Вверх, вниз. Раз-второй.
Если представить… на секунду представить жар и влагу. Не больше, чем на секунду, потому что иначе…
Спина выгибается, и он упирается одной ногой в матрас, подаваясь тазом навстречу тугим движениям. Медленно, испытующе. Сжимаясь в попытке растянуть каждый пронзающий пах импульс удовольствия. Постепенно ускоряясь, перекатывая на языке её запах.
Он так хорошо помнит этот запах…
Он так ненавидит.
Ещё.
Её голос стучит в сознании, пальцы движутся быстрее, а рычание всё громче. Злость. Он теряется в собственном сбитом дыхании. Зажмуренных глазах. Напряжённой шее и раскалённых жилах.
Сильнее. Чувствовать её. Яростное трение, горячее до свихнутых мозгов. В которых что-то кипит, что-то сотрясается в непрекращающемся вопле… ее имя… и так страшно. Что это навсегда. Что это глубоко под кожей.

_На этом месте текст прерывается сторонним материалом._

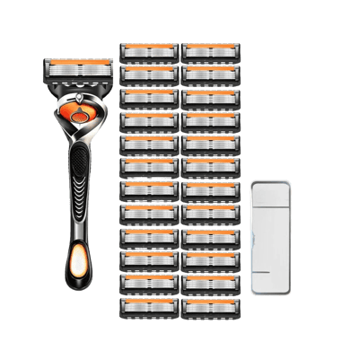 Fünf-Schicht-Präzisionsklingen: Die progressive Klingenanordnung ermöglicht eine Rasur, die fünf Zügen in einem entspricht, und sorgt so für eine gründliche und effiziente Rasur.

— Грейнджер… — невнятное бормотание, невольное, просто необходимое. Это почти не он. Голос хриплый и низкий.
Вжимается затылком в сырую от пота подушку так, что спина почти отрывается от простыни, с трудом отлипая от мокрой ткани лопатками. Сердце заходится, а под веками вспыхивает её лицо.
Запрокинутая голова, густые волосы по спине. Широко открытый рот, влажный язык и имя. Задыхаясь стоном.
Чёрт.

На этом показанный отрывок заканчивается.